We also need to have a detailed analysis of how we would survive should our supply lines be cut. In the last major combat that affected us, WWII, we were much less reliant on imports. Now virtually everything we use is imported, from light bulbs to fuel to many foods. We need to know how to deal with being cut off from the rest of the world, as today this would affect us far more severely than it did in WWII.

Electric ute

Pioneer EV electric ute

Missed this earlier in the week. A Christchurch couple have bought an electric ute to commute to Lincoln with. It is a Pioneer EV (sold in America as a Zap Xebra PK if you want to search for more info on it). Click here for an excellent review of this vehicle in America.

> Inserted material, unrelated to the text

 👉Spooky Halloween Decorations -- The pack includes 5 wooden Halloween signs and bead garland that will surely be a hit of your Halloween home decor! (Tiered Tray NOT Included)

I had a look at these vehicles a year ago, and they do look interesting. The reviews seem to indicate they are cheap and nasty, but do the job, depending on what the job is you want them to do of course.

They will find it frustrating commuting to Lincoln in, as it has a top speed of 65kmh, not that great for in the country. But it would be ok in the city, and in the States some people use them round the farm (only on dry soil of course!).

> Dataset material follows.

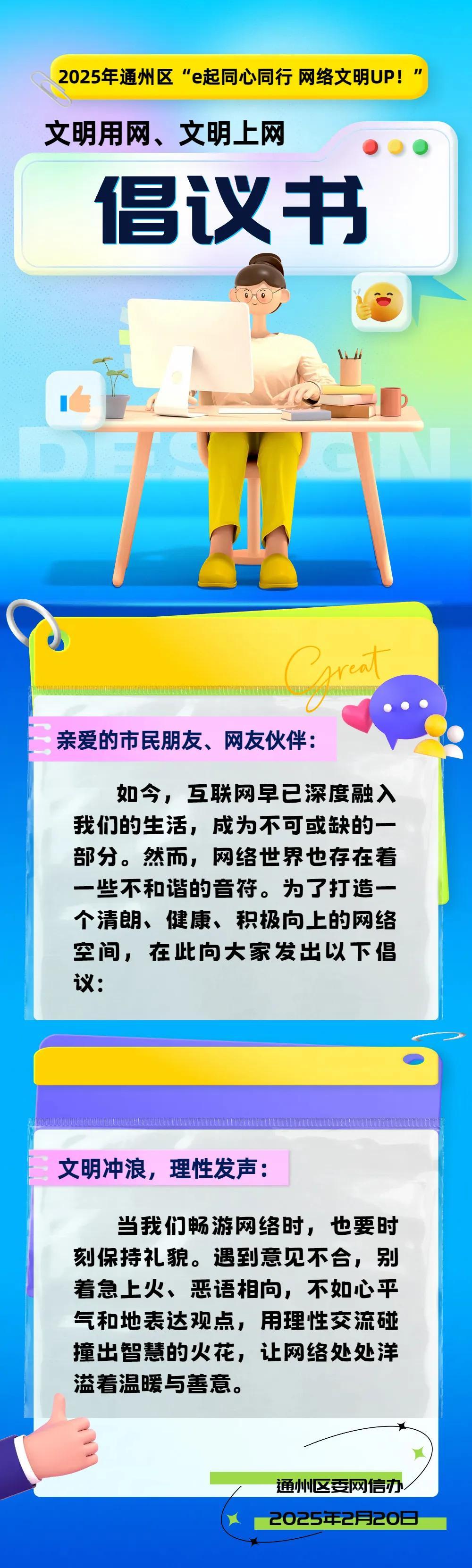 2025年通州區(qū)“e起同心同行 網(wǎng)絡(luò)文明UP!”文明用網(wǎng)、文明上網(wǎng)倡議書(shū)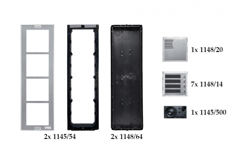 Zvonkové tablo obsahuje: 2x instalační krabici (1145/54), 2x upevňovací a krycí rámeček (1148/64), 1x modul s prostorem pro hlasovou jednotku (1148/20), 7x tlačítkový modul (1148/14) a 1x hlasovou jednotku (1145/500). Jednotlivé moduly jsou vyrobeny z eloxovaného hliníku.

It is classified as a motorcycle, so technically the driver should probably be wearing a helmet, which he isn’t in the picture. Ridiculous really considering the design of the vehicle, but something to keep in mind.

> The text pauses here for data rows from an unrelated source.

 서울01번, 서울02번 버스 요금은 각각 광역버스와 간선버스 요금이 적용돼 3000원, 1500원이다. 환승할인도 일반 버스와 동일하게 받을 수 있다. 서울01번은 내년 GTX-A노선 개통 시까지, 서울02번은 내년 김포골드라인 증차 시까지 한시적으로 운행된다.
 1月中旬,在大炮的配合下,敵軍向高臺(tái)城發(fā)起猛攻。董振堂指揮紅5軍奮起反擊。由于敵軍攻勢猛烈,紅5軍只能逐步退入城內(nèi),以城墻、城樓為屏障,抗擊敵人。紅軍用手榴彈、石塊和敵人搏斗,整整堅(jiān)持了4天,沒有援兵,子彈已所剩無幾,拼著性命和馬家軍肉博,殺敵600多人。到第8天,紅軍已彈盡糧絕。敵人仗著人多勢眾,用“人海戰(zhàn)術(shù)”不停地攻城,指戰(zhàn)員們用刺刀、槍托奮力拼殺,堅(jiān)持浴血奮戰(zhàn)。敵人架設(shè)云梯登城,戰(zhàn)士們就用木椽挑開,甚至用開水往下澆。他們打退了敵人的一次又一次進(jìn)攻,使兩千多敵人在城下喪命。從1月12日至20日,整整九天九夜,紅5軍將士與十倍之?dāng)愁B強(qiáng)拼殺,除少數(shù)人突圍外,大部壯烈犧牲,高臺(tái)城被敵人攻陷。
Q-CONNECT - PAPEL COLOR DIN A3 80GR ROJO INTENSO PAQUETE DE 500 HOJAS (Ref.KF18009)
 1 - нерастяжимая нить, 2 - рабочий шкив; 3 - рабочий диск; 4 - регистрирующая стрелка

Now I am a fan of electric vehicles. I think they are a great way of saving money. I don’t have one myself yet, but I do have an excellent rechargeable electric lawnmower so am slowly weaning myself off expensive petrol! An electric vehicle is part of the long-term plan, unfortunately in the country they aren’t that practical.

Electric vehicles are old technology. They first entered production in the 1880s (some experimental ones were made before that date), and were very popular in the 1900s. The advantage at the time was that you didn’t have to crank-start them, but as internal combustion engines improved these started to take over, and the invention of the electric starter motor killed the electric car. At the time they only had lead-acid batteries, so electric vehicles could only be short-range city vehicles, while petrol vehicles could be refueled and driven any distance. This is the same problem today, but now fuel prices are higher and longer-range batteries have been developed, so the picture is changing.

In a city, electric vehicles are a great idea. They are cheap to run. When stopped at the lights they use no electricity, so are very efficient. They produce no emissions within the city (only at power stations away from the city) so reduce smog. Electric motors are powerful (if you get one big enough), as they have maximum torque at zero RPM, so if you have a decent sized one it would be great on hills and for towing. I have seen a few electric tractors on the internet that are apparently very powerful (look at the custom conversions at this link), and this is of course why our trains are diesel-electric. Having said that the ute in this article is apparently very underpowered going by the reviews. Most electric vehicles still use lead-acid batteries and are short-range but that doesn’t usually matter in town. Mitsubishi will soon be bringing out a longer-range vehicle, which Meridian will be testing.

Note that electric vehicles are very different to hybrids, which are a complete waste of money in my opinion.

There are two major problems with electric vehicles. Firstly, if lots of people buy them, we will need more electricity generation. Some of this may have to come from coal and gas if we can’t get enough reliable renewable electricity.

Availability is also a big problem. I am glad to see that this couple were able to import one. You can go to a dealer and buy an electric scooter, or electric lawnmower. You can also convert your own car to electricity. But until you can go to a dealer and buy an electric car, the technology will never take off.

We can never replace our car fleet completely with electric vehicles. But they may have a valuable role in the years to come within cities.